Shortly after the attack outside the large home near Tilden Park, a Berkeley police officer found Daniel Jordan Dewitt, 23, of Alameda, less than a block away. Dewitt was booked on suspicion of murder, and was being held Sunday without bail. 
Dewitt suffers from mental illness, said his mother, Candy Dewitt.

Cukor had found Dewitt lurking around his garage, and called the police. It was when Cukor went back outside that Dewitt beat him to death. And, what were the police doing that was so important that they could not respond to Cukor? Why, escorting an Occupy Oakland march, of course. 

The victim had called police on a nonemergency line after first seeing Dewitt, according to sources familiar with the case. But police were busy monitoring an Occupy Oakland march to UC Berkeley, and officers were dispatched only to high-priority call 
An officer who noticed the call about Dewitt on his computer told a dispatcher he would respond, but was told not to go, sources said. 
Minutes later, the victim's wife heard her husband yelling for help and called 911 after seeing the suspect dragging him into bushes and hitting him with a potted plant, sources said.

Evil right-wingers have drawn the obvious conclusion, pointing out that the Occupiers' repeated insistence on marching to and fro, with spontaneous bouts of street fighting mixed in, have caused East Bay police departments to divert police resources away from run-of-the-mill criminals in favor of the lawless faux-revolutionaries of the Occupy Movement.
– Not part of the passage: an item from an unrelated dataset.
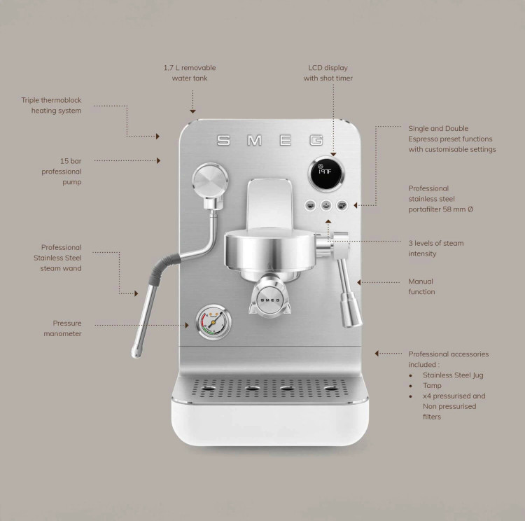 در این محصول، علاوه بر عملکرد اتوماتیک، منوی دستی نیز وجود دارد که به شما اجازه میدهد تا برای بهترین نتیجه در هر فنجان، تنظیمات دلخواه خود را اعمال کنید. بهعلاوه، گیج فشار سنج، صفحه نمایش بصری و اپلیکیشن اختصاصی My Smeg Assistant، همه به شما کمک میکنند تا به بهترین نتیجه ممکن برسید.

This has inevitably given rise to some defensive reactions by Occupiers and their allies who say the usual crap about how their protests are "mostly" peaceful, that the violence is by a relative handful of agitators (who use the "peaceful" protesters as willing human shields), and that, at some indeterminate time in the past, the Oakland Police Department "started it." Wah! Wah! Hey, you guys, I'm not saying the police are perfect, but you've shown yourselves of in need of babysitting every time more than 3 of you get together for any purpose. That's diverting police resources, and it's your fault. 


The Occupiers have long overstayed their welcome. It's too bad there still seems to be little will to do anything with them besides babysitting.